[Dataset entries]
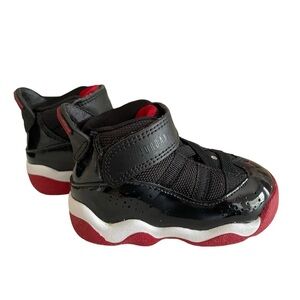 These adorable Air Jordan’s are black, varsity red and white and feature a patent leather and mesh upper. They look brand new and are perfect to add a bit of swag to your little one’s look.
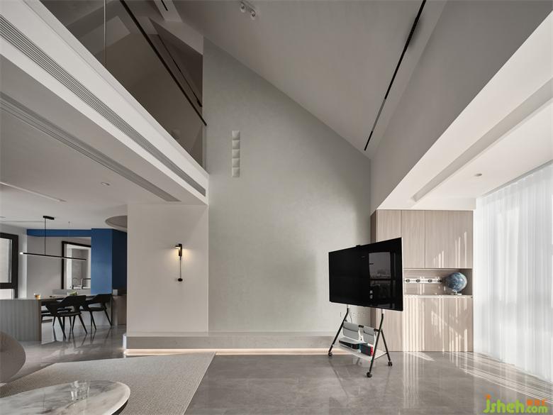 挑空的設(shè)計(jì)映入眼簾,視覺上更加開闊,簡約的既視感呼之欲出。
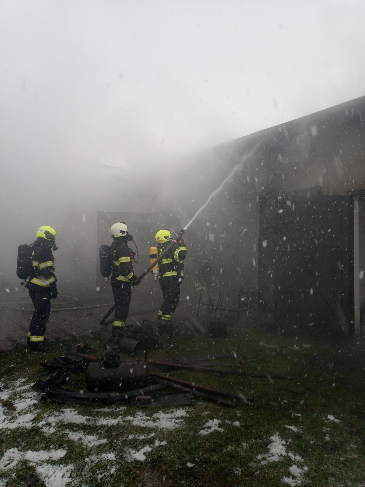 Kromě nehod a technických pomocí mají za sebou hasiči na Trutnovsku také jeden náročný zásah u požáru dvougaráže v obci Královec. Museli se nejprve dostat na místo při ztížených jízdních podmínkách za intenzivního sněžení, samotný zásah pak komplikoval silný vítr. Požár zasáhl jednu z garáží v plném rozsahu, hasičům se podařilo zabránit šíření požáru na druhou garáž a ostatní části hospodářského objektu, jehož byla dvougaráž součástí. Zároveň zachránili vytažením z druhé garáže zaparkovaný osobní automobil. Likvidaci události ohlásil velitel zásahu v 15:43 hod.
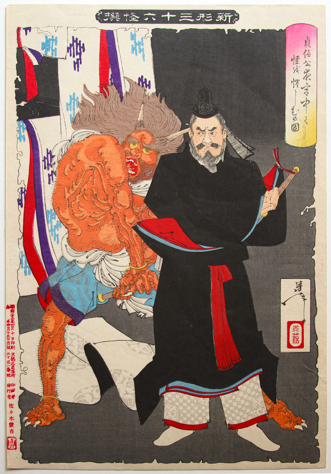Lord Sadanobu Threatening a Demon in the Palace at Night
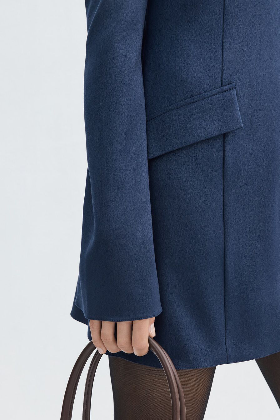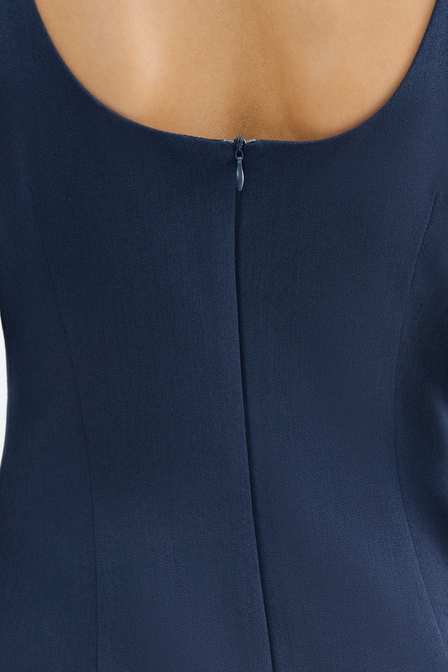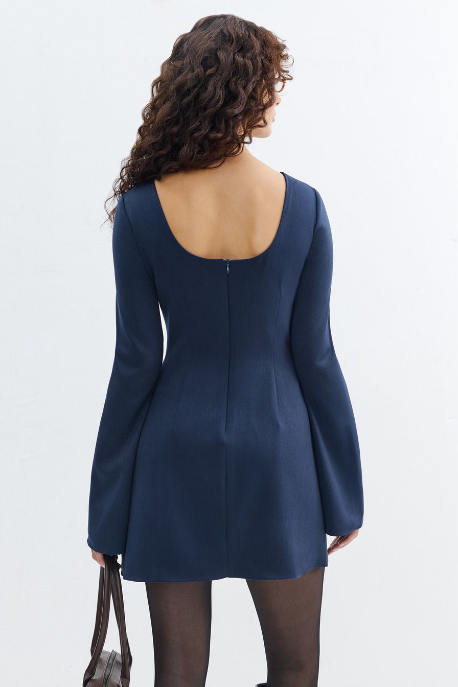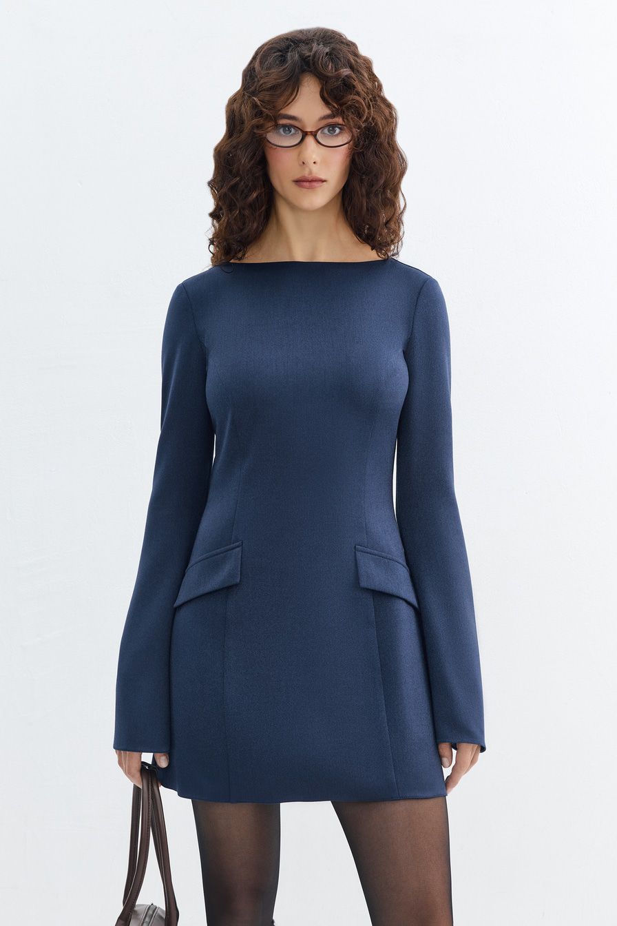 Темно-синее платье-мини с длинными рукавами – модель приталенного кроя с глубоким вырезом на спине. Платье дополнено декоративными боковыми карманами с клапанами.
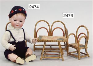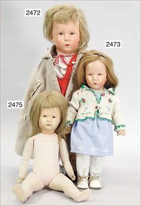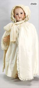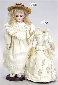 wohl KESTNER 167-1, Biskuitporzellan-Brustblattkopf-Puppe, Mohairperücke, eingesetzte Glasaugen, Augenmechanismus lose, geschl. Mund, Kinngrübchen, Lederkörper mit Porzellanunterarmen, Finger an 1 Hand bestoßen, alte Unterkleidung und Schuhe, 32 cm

Task statement:
Copy the data exactly. Pictures do not belong in the copy.

Output below:
 These adorable Air Jordan’s are black, varsity red and white and feature a patent leather and mesh upper. They look brand new and are perfect to add a bit of swag to your little one’s look.
 挑空的設(shè)計(jì)映入眼簾,視覺上更加開闊,簡約的既視感呼之欲出。
 Kromě nehod a technických pomocí mají za sebou hasiči na Trutnovsku také jeden náročný zásah u požáru dvougaráže v obci Královec. Museli se nejprve dostat na místo při ztížených jízdních podmínkách za intenzivního sněžení, samotný zásah pak komplikoval silný vítr. Požár zasáhl jednu z garáží v plném rozsahu, hasičům se podařilo zabránit šíření požáru na druhou garáž a ostatní části hospodářského objektu, jehož byla dvougaráž součástí. Zároveň zachránili vytažením z druhé garáže zaparkovaný osobní automobil. Likvidaci události ohlásil velitel zásahu v 15:43 hod.
Lord Sadanobu Threatening a Demon in the Palace at Night
 Темно-синее платье-мини с длинными рукавами – модель приталенного кроя с глубоким вырезом на спине. Платье дополнено декоративными боковыми карманами с клапанами.
 wohl KESTNER 167-1, Biskuitporzellan-Brustblattkopf-Puppe, Mohairperücke, eingesetzte Glasaugen, Augenmechanismus lose, geschl. Mund, Kinngrübchen, Lederkörper mit Porzellanunterarmen, Finger an 1 Hand bestoßen, alte Unterkleidung und Schuhe, 32 cm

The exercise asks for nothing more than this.